··· Material provided

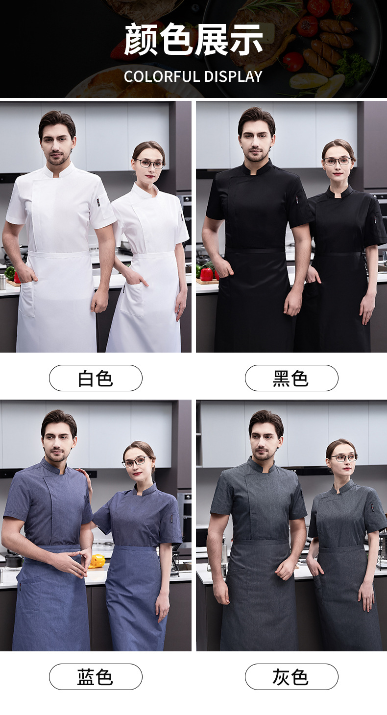 호텔 요리사 작업복 남성용 반팔 고급 취사 주방 요리사 작업복 여름 얇은 통기성 땀 흡수스토어 가기
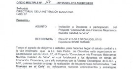 Informamos a nuestros directores de las II.EE. de la UGEL 07 que la I.E. San Pedro de Chorrillos, en coordinación con la UGEL 07, está organizando el proyecto «Conociendo mis finanzas mejoramos nuestra calidad de vida», el cual fortalecerá a los docentes en temas de Educación Financiera. Para ello invitamos a los docentes a participar de las ponencias «Las finanzas en el cole», la cual se realizará según el horario indicado en el Oficio Múltiple 117. Ver Oficio Múltiple haciendo CLICK AQUÍ.
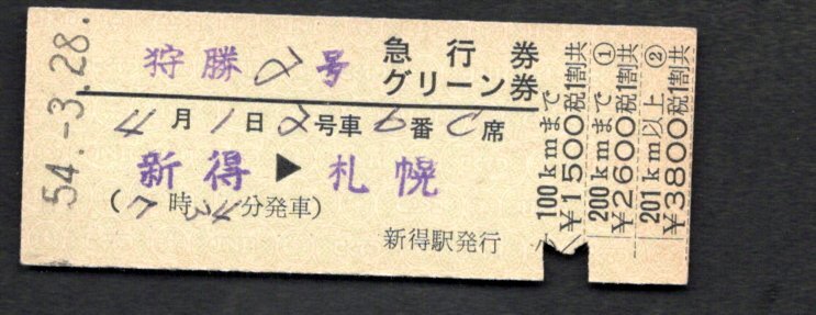 狩勝2号急行券グリーン券(新得駅)完全常備券

······

[Description of the task] To complete the exercise, return the listing above exactly and omit its pictures.

[Solution for this exercise]
 호텔 요리사 작업복 남성용 반팔 고급 취사 주방 요리사 작업복 여름 얇은 통기성 땀 흡수스토어 가기
 Informamos a nuestros directores de las II.EE. de la UGEL 07 que la I.E. San Pedro de Chorrillos, en coordinación con la UGEL 07, está organizando el proyecto «Conociendo mis finanzas mejoramos nuestra calidad de vida», el cual fortalecerá a los docentes en temas de Educación Financiera. Para ello invitamos a los docentes a participar de las ponencias «Las finanzas en el cole», la cual se realizará según el horario indicado en el Oficio Múltiple 117. Ver Oficio Múltiple haciendo CLICK AQUÍ.
 狩勝2号急行券グリーン券(新得駅)完全常備券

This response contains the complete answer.